Radio procedure had also followed man to the stars. It didn’t require the sending station to request permission to sign off, no matter how lofty the rank of the receiving station was. Perhaps that was why Dr. Mitchell preferred voice, Costello thought.
“Mr. O’Neill, Mr. Ontiir will not be relieving you until further notice. Will you require relief at the end of your watch?”
“No, sir. If I could get fifteen minutes for a sandwich and a cup of coffee, I can stand the next watch as well.”
“Mr. Tavor, are you at liberty to relieve Mr.

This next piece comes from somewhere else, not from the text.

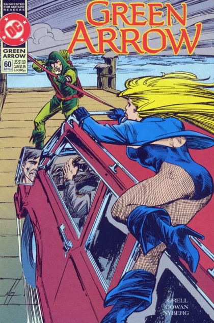 "Predator," part 2 of 2. A freed rapist is loose on the streets of Seattle and Green Arrow is determined to find him...and Black Canary is equally committed to stopping the culprit...whatever the cost! Written by Mike Grell, with art by Rick Hoberg and John Nyberg. Cover by Grell. Suggested for Mature Readers. New Format. Cover price $1.50.

O’Neill?”
Riva pressed a few last buttons and stood up, pulling down the hem of her black shipboard jacket.
“I relieve you, sir,” she said formally to O’Neill, staring at him as though he were about to try and escape.
“I stand relieved,” he replied. “And how!”
O’Neill showed Riva the plot, current location and local spatial conditions. She had no questions, sliding into his seat with an elegant stretch.
“Captain, I can stand Mr. O’Neill’s second watch when it begins,” she told Costello. “I am well rested.”
Kashkin were good at focus, intensity and quick thinking. They were not ideal for routine tasks, in which nothing changing for hours was considered a success.
“Thank you, Mr. Tavor, that won’t be necessary,” he said. “We have several officers qualified to navigate, and I want you fresh when we arrive at the rendezvous. With luck, neither the Coffman nor the Magellan will have had the same difficulty getting there that we have. But just in case …”
Neither the Coffman nor the Magellan had made it to the rendezvous at all.